*** Begin section ***

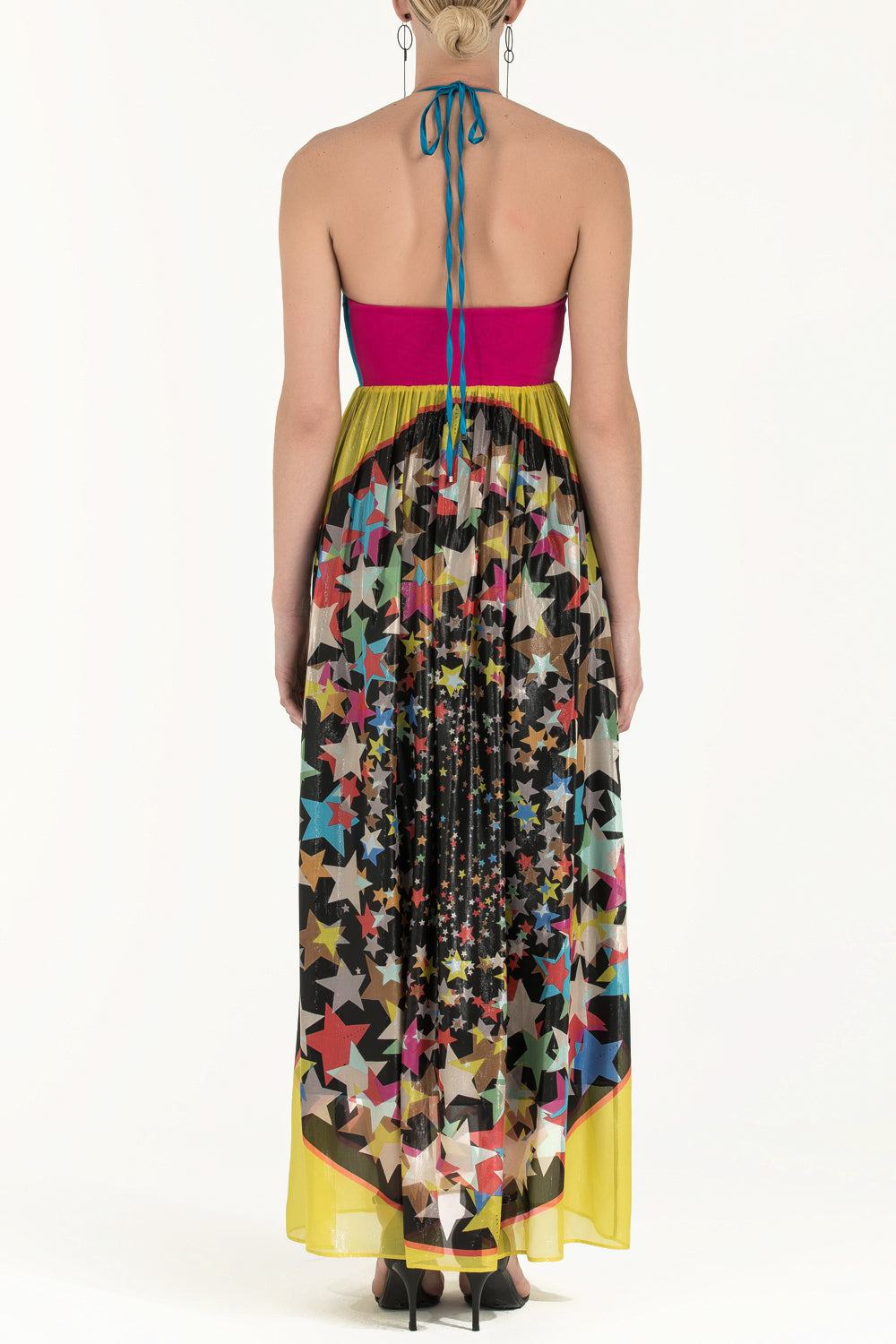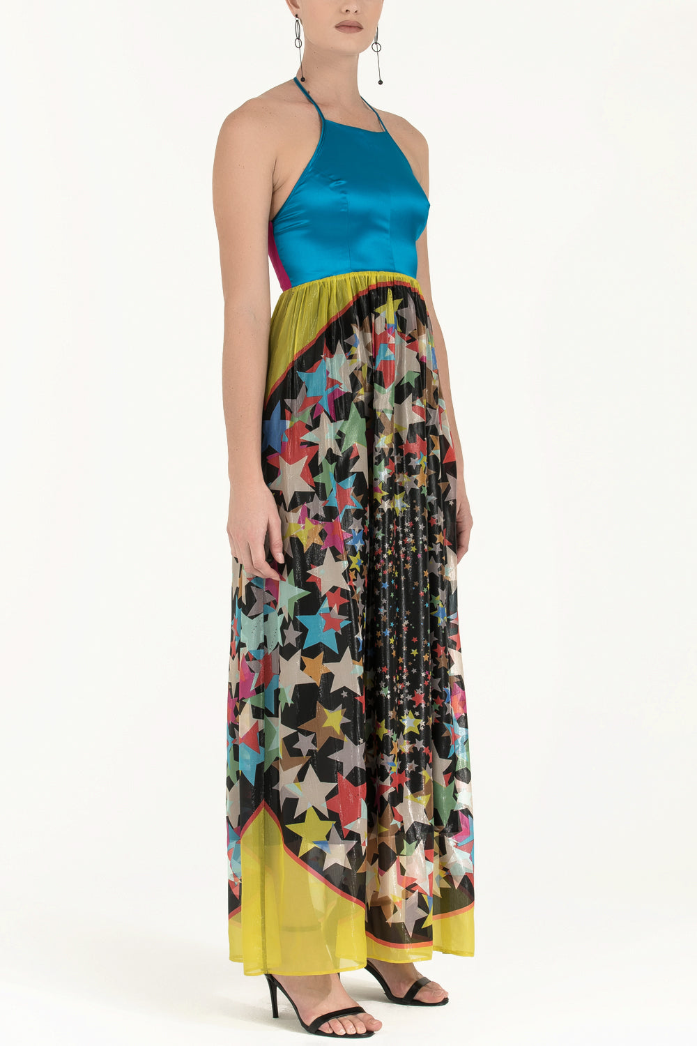 Mavi Yıldız desenli ipek uzun elbise 92106
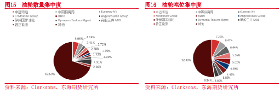 在油轮航运市场上,前十大航运公司以972艘干散货船占据市场船舶数量的30.4%;相应的吨位达到1.46亿DWT,占市场总载重吨的47.7%。
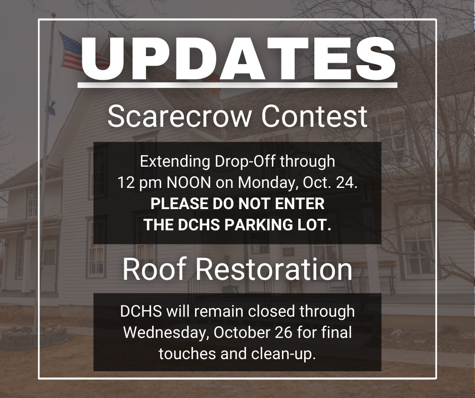 Thank you all your for your flexibility during the roof restoration project! We have a couple big updates on extending the scarecrow contest deadline and further closures. We can't wait for you to drop off your scarecrows for DCHS's -- Annual
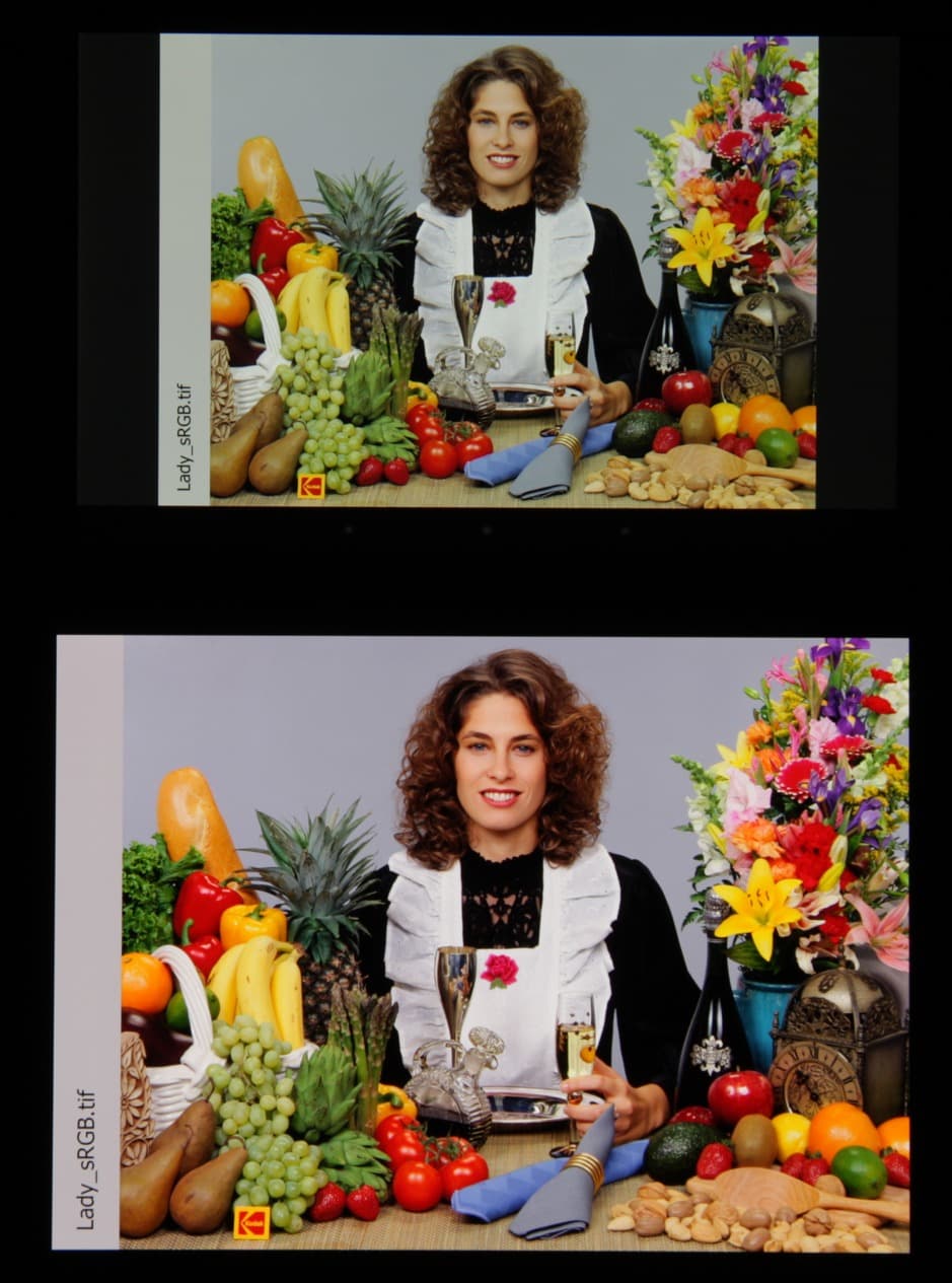 Отметим отличную равномерность яркости и цветового тона белого поля. И тестовая картинка (в режиме Основной):
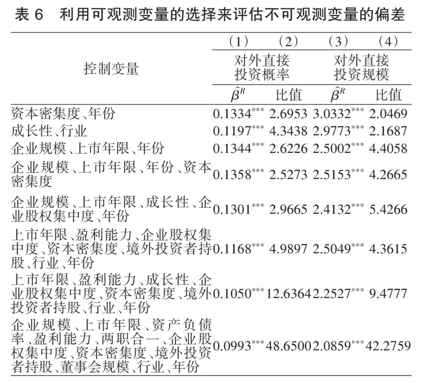 本文使用了8组不同受限程度的控制变量组合。表6列(1)和列(3)分别报告了使用对外直接投资意愿和投资规模作为因变量进行受限控制变量回归时的形成方式系数。列(2)和列(4)分别报告了相应的差值比。
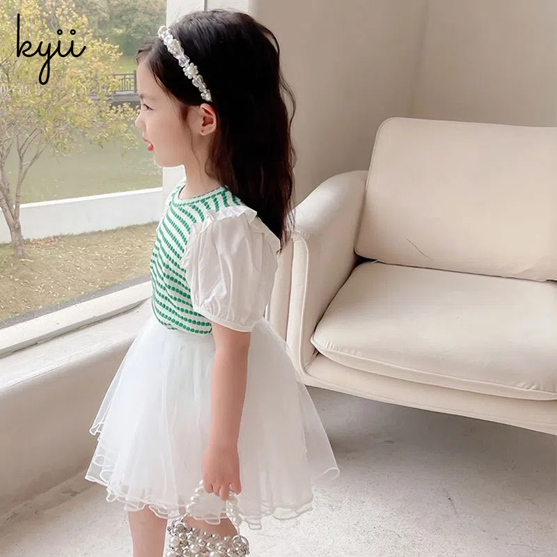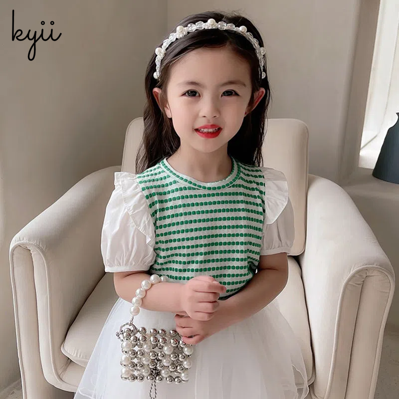 KYII Girl Summer children Korean Round-neck shirt Versatile short sleeve Top kyii0036
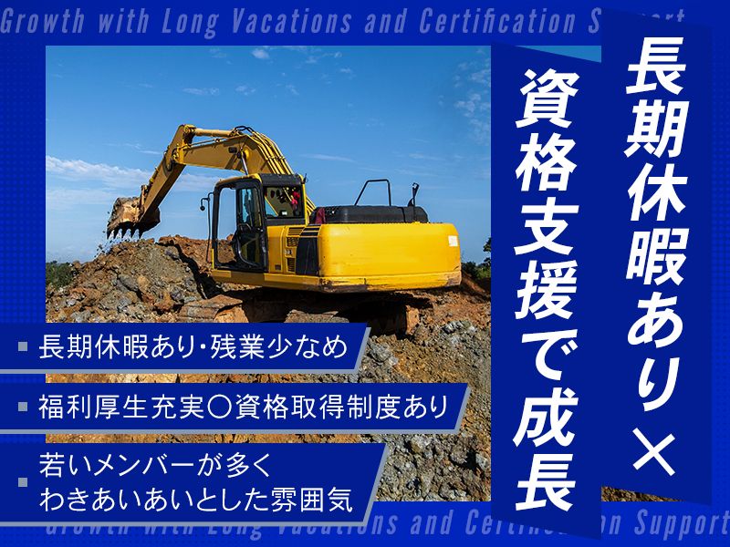 仕事内容 ////////////// 未経験者も経験者も大歓迎! 「重機オペレーター」 募集 ////////////// <求人のPOINT> ✅公共事業が9割以上! →工期にゆとりがあり、安定性抜群。 ✅残業少なめ&長期休暇もあり! ✅直行直帰OKで通勤ストレスナシ! ✅お子様の行事や家庭の急用時もお休み取得可能! ✅福利厚生充実〇資格取得制度あり <主な業務内容> ・区画整理工事に伴う用排水路の 掘削および埋戻し作業 ・クレーン仕様バックホーを使用した吊荷作業 ・道路・河川工事等での法面仕上げ ・不整地運搬車の運転 ・除雪作業 ※下記の作業もできる方だとさらに大歓迎 ・ダンプの運転 ・下回り作業 <スタッフについて> 20代4名、30代3名、60代1名が在籍。 建設業界経験者が多数活躍中! 未経験者の雇用実績もあり。 若いメンバーが多く、わきあいあいとした 雰囲気で、ストレス少なめの職場です♪
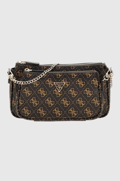 Brązowa torebka damska Noelle, marki Guess.Wykonana ze skóry ekologicznej, posiada regulowany pasek. Jedna duża komora z trzema wsuwanymi kieszeniami na karty, oraz jedną zasuwaną, druga kieszeń zewnętrzne zasuwana na zamek. W zestawie znajduje się mała saszetka damska, która jest odpinana i może służyć jak oddzielna mała torebka. Wymiary saszetki: 11 x 19,5 x 3
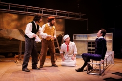 《半》則以畫家的畫作的畫布及支架砌磡嵌出四人的居所,暖色的色調能帶出偽民藝復興的時代感,而為強調四人的身份為洋人,絕妙地以「洋腔」配上對白,亦令喜鬧劇效果更為突出。

*** End section ***

> Work instruction: Word for word, quote the lines above. Omit the pictures.

> Exercise answer:
 Mavi Yıldız desenli ipek uzun elbise 92106
 在油轮航运市场上,前十大航运公司以972艘干散货船占据市场船舶数量的30.4%;相应的吨位达到1.46亿DWT,占市场总载重吨的47.7%。
 Thank you all your for your flexibility during the roof restoration project! We have a couple big updates on extending the scarecrow contest deadline and further closures. We can't wait for you to drop off your scarecrows for DCHS's -- Annual
 Отметим отличную равномерность яркости и цветового тона белого поля. И тестовая картинка (в режиме Основной):
 本文使用了8组不同受限程度的控制变量组合。表6列(1)和列(3)分别报告了使用对外直接投资意愿和投资规模作为因变量进行受限控制变量回归时的形成方式系数。列(2)和列(4)分别报告了相应的差值比。
 KYII Girl Summer children Korean Round-neck shirt Versatile short sleeve Top kyii0036
 仕事内容 ////////////// 未経験者も経験者も大歓迎! 「重機オペレーター」 募集 ////////////// <求人のPOINT> ✅公共事業が9割以上! →工期にゆとりがあり、安定性抜群。 ✅残業少なめ&長期休暇もあり! ✅直行直帰OKで通勤ストレスナシ! ✅お子様の行事や家庭の急用時もお休み取得可能! ✅福利厚生充実〇資格取得制度あり <主な業務内容> ・区画整理工事に伴う用排水路の 掘削および埋戻し作業 ・クレーン仕様バックホーを使用した吊荷作業 ・道路・河川工事等での法面仕上げ ・不整地運搬車の運転 ・除雪作業 ※下記の作業もできる方だとさらに大歓迎 ・ダンプの運転 ・下回り作業 <スタッフについて> 20代4名、30代3名、60代1名が在籍。 建設業界経験者が多数活躍中! 未経験者の雇用実績もあり。 若いメンバーが多く、わきあいあいとした 雰囲気で、ストレス少なめの職場です♪
 Brązowa torebka damska Noelle, marki Guess.Wykonana ze skóry ekologicznej, posiada regulowany pasek. Jedna duża komora z trzema wsuwanymi kieszeniami na karty, oraz jedną zasuwaną, druga kieszeń zewnętrzne zasuwana na zamek. W zestawie znajduje się mała saszetka damska, która jest odpinana i może służyć jak oddzielna mała torebka. Wymiary saszetki: 11 x 19,5 x 3
 《半》則以畫家的畫作的畫布及支架砌磡嵌出四人的居所,暖色的色調能帶出偽民藝復興的時代感,而為強調四人的身份為洋人,絕妙地以「洋腔」配上對白,亦令喜鬧劇效果更為突出。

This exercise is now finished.